The news was confirmed in the Journal Officiel on January 31.

Ruxolitinib, known in France as Opzelura, is the first-ever treatment for the auto-immune condition, which causes a gradual depigmentation of skin on the face and body.

The medication has been developed by the US biotech company Incyte. It is the company’s first dermatological product, although it already has several successful cancer treatments on the market.

Ruxolitinib is designed to repigment affected areas of skin in patients aged over 12, who have ‘non-segmental vitiligo’, which is when the condition affects both sides of the body, often in symmetrical patches. This is the most common version of the illness.

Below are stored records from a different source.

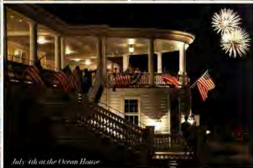
July 4th at the Ocean House

the ocean from there as well. Wind your way through a private garden path to a locked gate, which opens into each villa's private courtyard. Walk a narrow path up towards your room, and you'll notice a private hot tub perfectly suited for New England's crisp summer evenings.
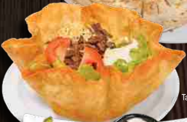
Taco salad (Steak)
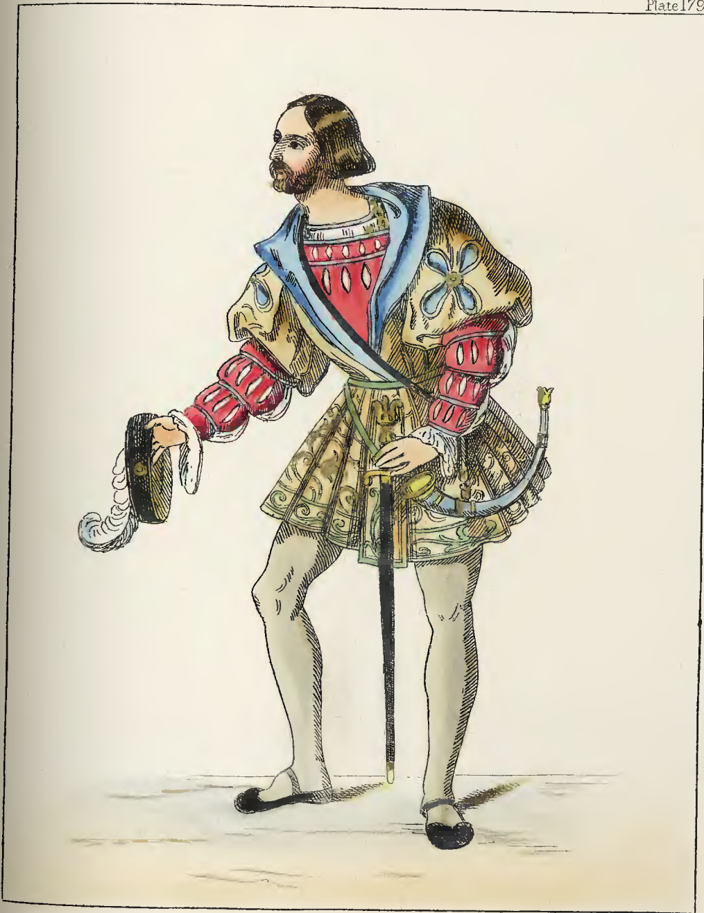
JAMES THE 4 TH OF SCOTLAND—1506.

Published by T.H. LACY, 89, Strand, London.

The medicine will also be suitable if the vitiligo covers no more than 10% of the patient’s total body surface, and also affects the face.

“This is big news for patients,” said Martine Carré, president of the Association française du vitiligo, to Le Monde. “We have been really looking forward to this moment.

“Until now, there has been no recognised treatment for this illness, which affects between 600,000 and a million people in France and represents a real psychological suffering for patients who feel disfigured,” she said.

Successful clinical trials

Existing results from clinical trials in the US and Europe show that when the cream was applied twice a day to the affected areas, 31% of testers saw a 75% improvement in the condition on the face after six months, and 30% saw an improvement of 90% after a year.

Based on these results, in April 2023, the European Commission gave approval for the medicine to be sold on the European market. It was also approved by the French Haute Autorité de Santé (HAS).

However, the HAS, which also assesses medicine for reimbursement, is still yet to conclude price negotiations with the Comité économique des produits de santé. This is normally needed before medicines can be made available to patients, and can sometimes take more than 12 months.

There are also serious concerns about the drug's safety. The treatment can cause severe side effects, including a weakened the immune system, which leaves patients exposed to infections.

Nonetheless, Opzelura will now be available, under certain conditions, in France due to a ‘direct access’ scheme announced in 2021 by President Emmanuel Macron. The system was later outlined for a trial by then-Health Minister François Braun.

The direct access system was inspired by the German model, and allows some medicines to be available before the completion of discussions with the Comité économique des produits de santé. The aim is to speed up access for high-priority patients.

Opzelura is only the second medicine to benefit from this system; the first was for Hemgenix gene therapy.

How can patients get access to Opzelura?

Eligible patients will need to visit their dermatologist to obtain a prescription, and then go to a hospital pharmacy to collect the drug. The national health insurance system l’Assurance maladie will reimburse the treatment 100%.

The direct access system is planned to last for one year at the most.

After this, it is expected that negotiations between the HAS and the Comité économique des produits de santé, and between the manufacturer Incyte and the Assurance maladie, will be complete.

This will allow the final price of the drug to be set, with reimbursement and access for patients fully adjusted.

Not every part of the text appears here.